Joe’s Parents moved to Monrovia and Joe began classes at the private Baptist school where his mother worked. Here, Joe picked up the guitar in earnest and learned very quickly from his classmates. Naturally, some of the more talented students at the school wanted to form a band; there were plenty of guitarists and singers, but Joe was one of the few with experience in drumming (Which Joe picked up playing door to door for money during the Liberian version of Santa Claus). Woyee was the natural choice and "The Children of the Green Acres" was born. This band became one of the first in Liberia to play original popular music. Most of the other bands were playing American pop that dominates the airwaves in Liberia to this day.

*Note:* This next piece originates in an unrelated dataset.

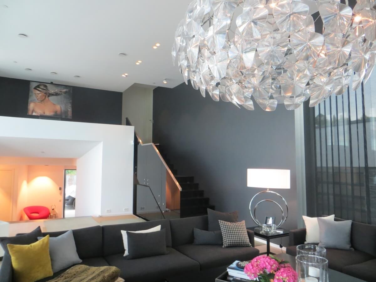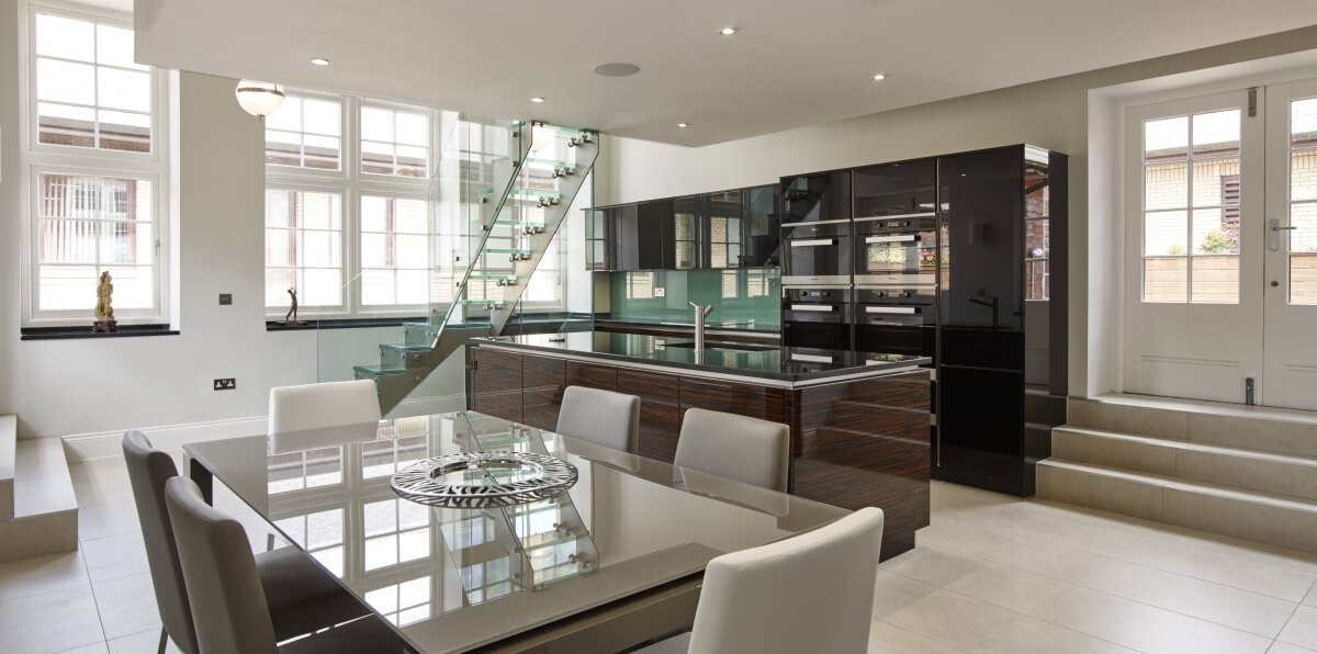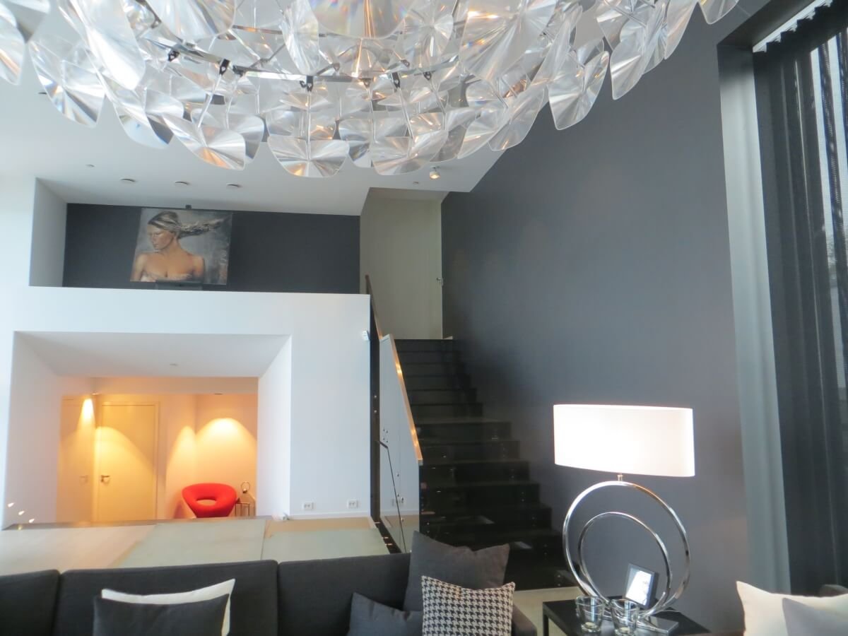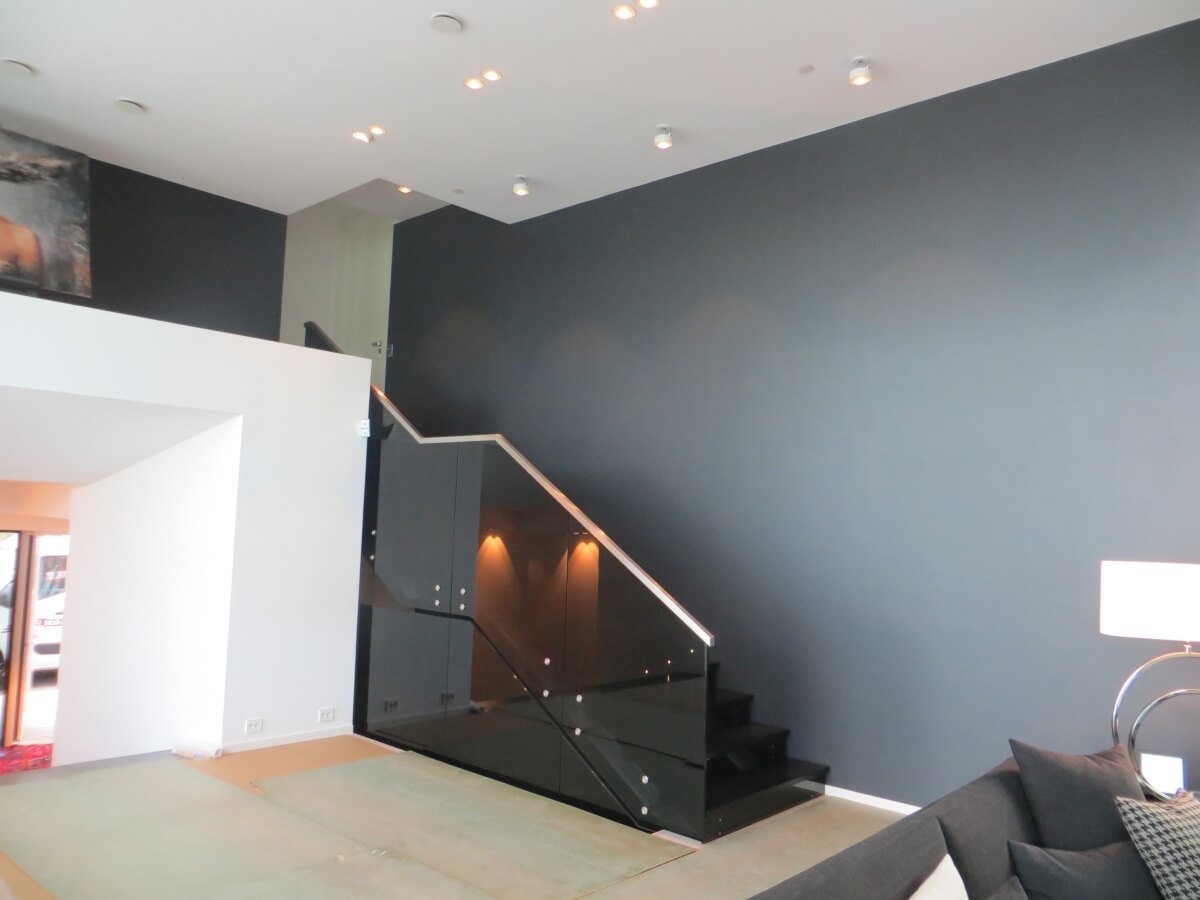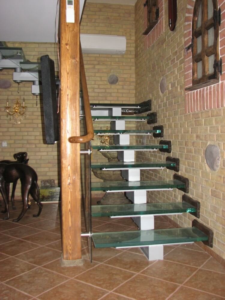 Glass – one of the most luxurious-looking interior details. Nowadays, glass stairs are made extremely carefully and after assessing the need for large weight. Tempered, laminated glass with various additional elements of metal, wood is used. Tinted, enameled glass can be used, decorated with a film or with LED lighting. For safety, the glass steps are covered with a special non-slip coating, thus the stairs acquire even more functionality.

Woyee moved to Minneapolis in 1980 to go to school and to get away from the political turmoil that was just beginning in his homeland. After settling in, Joe found an ad in the paper from a Saint Thomas émigré that was looking for a band. Joe joined and along with four other musicians founded Kairos. This band played reggae with a twist. This is how Joe described their sound:

"We had a keyboard player from Texas, A guitarist from Aruba, A singer from St. Thomas, the bassist was from Interlochen, Michigan and me from Liberia. We played a style of Caribbean music, but it had an international flavor—it had the Kairos Sound"

After Kairos was disbanded Joe joined another group called "Out of Africa." It was during this time that he started to contemplate the Liberian musical identity. Joe remembers the highly Americanized music scene in Liberia: "There was only 30 minutes a day out of the whole 24 hours that was reserved for African Music" The true music of Liberia was beginning to form in the early 1980’s but that advent was halted by the civil war. "Everyone is feeling the hardship now" said Woyee "everything came to a stop."

Joe decided to address this problem by taking a chance in the US to create the Liberian musical signature: "Jake [D] was doing the music and I was doing the music, so I said "Why don’t we put a company together to look for Liberian Music, sell it, package it, put it on the web?""

Joe is now working toward his goals through Kinzo Music Works, a music studio in Brooklyn Park, MN.